1. this assumes a DN goes down with the client (either in tandem, or on the same box) and that the NN initiates lease recovery later correct?
Really, this applies any time that recovery is initiated after the node has come back to life. The most likely case is a hard lease expiry like you suggest above, since it gives a full hour for the DN to restart, but it could be a manually triggered recovery as well.
2. the idea here is that RBW should have lengths longer than RWR, but both will have the same genstamp?
yep, s/should/could/ though (in many cases, RWR will have the right length)
If so, why aren't we just taking the replica with the longest length? Is there a reason to
In a normal pipeline failure, it's likely that the earlier DNs in the pipeline will have longer length than the later ones, right? So if we always just took the longest length, we'd usually recover to a pipeline of length 1 even when other replicas are available that satisfy correct semantics.
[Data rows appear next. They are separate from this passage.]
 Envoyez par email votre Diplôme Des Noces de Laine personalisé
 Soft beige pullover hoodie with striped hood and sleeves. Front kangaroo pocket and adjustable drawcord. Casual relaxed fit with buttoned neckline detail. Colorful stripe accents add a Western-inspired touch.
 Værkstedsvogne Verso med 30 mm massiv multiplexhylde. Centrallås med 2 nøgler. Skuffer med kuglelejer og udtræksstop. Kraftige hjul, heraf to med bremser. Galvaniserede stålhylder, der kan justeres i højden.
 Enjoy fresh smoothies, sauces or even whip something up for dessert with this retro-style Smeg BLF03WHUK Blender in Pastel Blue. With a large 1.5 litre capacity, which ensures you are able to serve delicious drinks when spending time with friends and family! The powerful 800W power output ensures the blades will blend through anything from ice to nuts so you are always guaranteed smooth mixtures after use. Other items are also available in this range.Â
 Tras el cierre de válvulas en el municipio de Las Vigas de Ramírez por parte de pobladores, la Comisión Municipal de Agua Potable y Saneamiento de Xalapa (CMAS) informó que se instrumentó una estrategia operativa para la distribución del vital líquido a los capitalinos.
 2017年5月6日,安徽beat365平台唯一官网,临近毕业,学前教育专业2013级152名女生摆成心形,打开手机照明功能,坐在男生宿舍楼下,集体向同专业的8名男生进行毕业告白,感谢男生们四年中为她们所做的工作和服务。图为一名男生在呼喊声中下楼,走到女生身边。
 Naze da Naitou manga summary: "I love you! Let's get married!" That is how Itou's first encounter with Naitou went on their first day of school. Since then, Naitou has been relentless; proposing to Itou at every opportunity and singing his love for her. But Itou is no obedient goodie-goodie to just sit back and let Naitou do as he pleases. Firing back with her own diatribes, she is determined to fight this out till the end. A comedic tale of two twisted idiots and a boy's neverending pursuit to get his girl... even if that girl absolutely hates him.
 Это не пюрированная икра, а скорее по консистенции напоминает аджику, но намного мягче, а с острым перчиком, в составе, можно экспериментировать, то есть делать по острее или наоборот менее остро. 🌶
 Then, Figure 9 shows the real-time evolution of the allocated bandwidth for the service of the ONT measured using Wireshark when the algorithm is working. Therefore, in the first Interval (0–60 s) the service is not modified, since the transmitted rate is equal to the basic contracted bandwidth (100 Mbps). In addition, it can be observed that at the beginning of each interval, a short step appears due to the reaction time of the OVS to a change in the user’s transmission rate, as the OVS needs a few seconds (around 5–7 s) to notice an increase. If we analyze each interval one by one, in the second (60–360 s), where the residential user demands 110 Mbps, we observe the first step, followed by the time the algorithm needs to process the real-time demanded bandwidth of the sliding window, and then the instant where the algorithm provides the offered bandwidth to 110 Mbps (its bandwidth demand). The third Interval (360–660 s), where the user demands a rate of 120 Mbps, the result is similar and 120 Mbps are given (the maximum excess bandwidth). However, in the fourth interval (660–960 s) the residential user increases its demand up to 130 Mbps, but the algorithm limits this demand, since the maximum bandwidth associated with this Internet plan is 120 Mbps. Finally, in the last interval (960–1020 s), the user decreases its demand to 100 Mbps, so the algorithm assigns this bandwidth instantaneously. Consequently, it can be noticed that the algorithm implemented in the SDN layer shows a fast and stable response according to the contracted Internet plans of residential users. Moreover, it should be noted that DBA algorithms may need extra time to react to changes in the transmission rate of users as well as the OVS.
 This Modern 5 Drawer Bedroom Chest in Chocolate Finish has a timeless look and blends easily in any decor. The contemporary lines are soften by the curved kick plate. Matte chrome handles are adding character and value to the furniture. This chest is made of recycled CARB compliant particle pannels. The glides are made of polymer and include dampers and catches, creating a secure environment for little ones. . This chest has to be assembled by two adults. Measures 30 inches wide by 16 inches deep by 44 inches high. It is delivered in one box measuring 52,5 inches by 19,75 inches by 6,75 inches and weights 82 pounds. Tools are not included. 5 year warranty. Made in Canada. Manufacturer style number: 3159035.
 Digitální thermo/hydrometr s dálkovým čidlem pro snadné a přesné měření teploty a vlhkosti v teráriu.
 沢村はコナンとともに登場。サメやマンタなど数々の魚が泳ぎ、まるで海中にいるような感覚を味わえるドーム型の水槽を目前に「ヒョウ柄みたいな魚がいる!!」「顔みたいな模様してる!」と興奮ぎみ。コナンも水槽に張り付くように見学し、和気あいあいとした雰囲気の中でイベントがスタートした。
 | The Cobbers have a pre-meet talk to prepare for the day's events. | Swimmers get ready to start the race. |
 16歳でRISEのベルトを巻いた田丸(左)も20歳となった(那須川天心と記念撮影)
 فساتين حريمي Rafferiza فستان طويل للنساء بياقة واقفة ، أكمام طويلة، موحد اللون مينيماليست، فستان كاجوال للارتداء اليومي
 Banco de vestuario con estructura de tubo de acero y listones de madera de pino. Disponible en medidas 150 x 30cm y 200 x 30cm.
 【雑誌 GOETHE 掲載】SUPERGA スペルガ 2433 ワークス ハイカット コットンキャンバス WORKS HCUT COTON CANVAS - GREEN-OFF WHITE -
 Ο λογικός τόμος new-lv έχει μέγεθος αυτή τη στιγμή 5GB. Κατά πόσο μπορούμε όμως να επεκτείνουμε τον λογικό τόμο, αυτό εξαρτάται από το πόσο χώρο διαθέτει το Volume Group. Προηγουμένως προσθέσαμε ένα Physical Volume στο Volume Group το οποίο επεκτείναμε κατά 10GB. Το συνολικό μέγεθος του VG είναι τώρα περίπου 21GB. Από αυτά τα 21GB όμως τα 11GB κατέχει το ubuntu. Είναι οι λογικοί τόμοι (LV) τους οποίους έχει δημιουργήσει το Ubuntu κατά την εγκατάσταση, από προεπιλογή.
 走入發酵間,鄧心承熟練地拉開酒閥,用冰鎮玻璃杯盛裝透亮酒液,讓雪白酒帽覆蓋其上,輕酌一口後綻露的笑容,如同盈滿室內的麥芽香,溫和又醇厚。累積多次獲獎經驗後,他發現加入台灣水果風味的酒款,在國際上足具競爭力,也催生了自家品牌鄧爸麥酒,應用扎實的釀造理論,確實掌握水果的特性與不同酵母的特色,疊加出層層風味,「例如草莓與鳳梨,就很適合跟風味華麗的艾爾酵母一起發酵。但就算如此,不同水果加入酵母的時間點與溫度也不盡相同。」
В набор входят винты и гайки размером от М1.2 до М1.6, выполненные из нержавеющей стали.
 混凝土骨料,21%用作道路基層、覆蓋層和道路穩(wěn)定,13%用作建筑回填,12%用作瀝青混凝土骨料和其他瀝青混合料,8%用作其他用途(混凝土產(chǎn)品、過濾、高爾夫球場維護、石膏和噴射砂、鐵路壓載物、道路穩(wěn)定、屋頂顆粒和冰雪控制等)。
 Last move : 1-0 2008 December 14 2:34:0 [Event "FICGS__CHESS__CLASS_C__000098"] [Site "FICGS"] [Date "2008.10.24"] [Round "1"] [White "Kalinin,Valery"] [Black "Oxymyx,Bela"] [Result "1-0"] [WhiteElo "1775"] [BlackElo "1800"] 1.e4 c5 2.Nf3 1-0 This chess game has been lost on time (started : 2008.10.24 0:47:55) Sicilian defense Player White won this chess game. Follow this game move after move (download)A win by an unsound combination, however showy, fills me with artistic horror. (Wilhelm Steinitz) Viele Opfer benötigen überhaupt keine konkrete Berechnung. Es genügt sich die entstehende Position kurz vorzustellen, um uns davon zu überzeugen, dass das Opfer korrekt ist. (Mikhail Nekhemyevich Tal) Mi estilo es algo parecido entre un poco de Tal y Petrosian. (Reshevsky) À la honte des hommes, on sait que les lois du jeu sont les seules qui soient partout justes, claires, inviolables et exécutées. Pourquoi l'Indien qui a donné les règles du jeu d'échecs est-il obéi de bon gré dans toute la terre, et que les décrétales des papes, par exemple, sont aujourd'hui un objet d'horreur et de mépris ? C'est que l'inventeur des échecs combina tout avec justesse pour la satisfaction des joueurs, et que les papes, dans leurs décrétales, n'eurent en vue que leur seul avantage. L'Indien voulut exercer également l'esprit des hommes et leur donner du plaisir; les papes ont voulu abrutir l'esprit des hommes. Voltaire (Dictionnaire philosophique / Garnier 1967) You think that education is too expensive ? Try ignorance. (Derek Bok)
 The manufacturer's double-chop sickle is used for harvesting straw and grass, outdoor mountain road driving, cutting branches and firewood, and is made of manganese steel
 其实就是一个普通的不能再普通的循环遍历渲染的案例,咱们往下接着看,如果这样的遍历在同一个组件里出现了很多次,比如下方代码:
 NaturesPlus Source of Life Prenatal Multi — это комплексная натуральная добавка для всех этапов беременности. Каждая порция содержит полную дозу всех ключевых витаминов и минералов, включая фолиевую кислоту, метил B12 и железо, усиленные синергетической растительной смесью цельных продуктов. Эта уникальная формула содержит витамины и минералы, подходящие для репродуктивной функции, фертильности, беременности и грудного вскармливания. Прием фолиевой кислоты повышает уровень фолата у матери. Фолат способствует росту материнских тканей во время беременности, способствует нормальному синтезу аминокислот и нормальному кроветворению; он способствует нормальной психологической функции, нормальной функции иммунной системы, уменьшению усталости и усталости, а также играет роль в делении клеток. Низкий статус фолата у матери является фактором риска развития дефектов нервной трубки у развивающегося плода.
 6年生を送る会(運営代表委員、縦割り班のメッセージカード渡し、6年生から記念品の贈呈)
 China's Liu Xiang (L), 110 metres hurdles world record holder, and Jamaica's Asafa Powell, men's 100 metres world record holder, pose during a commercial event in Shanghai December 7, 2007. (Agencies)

At least, I assume this is the reasoning - in this patch I was just trying to maintain the semantics elsewhere.
3. if sync() did not complete, there is no violation. do I follow? i agree we can try to recover more data if it's there, but i just want to make sure i'm on the same page
The issue here is that sync() could complete, but the post-power-failure replica could still be truncated. Recall that hflush() doesn't actually fsync to disk, so after an actual power failure of the local node, it will usually come back with a truncated replica after EXT3 journal replay.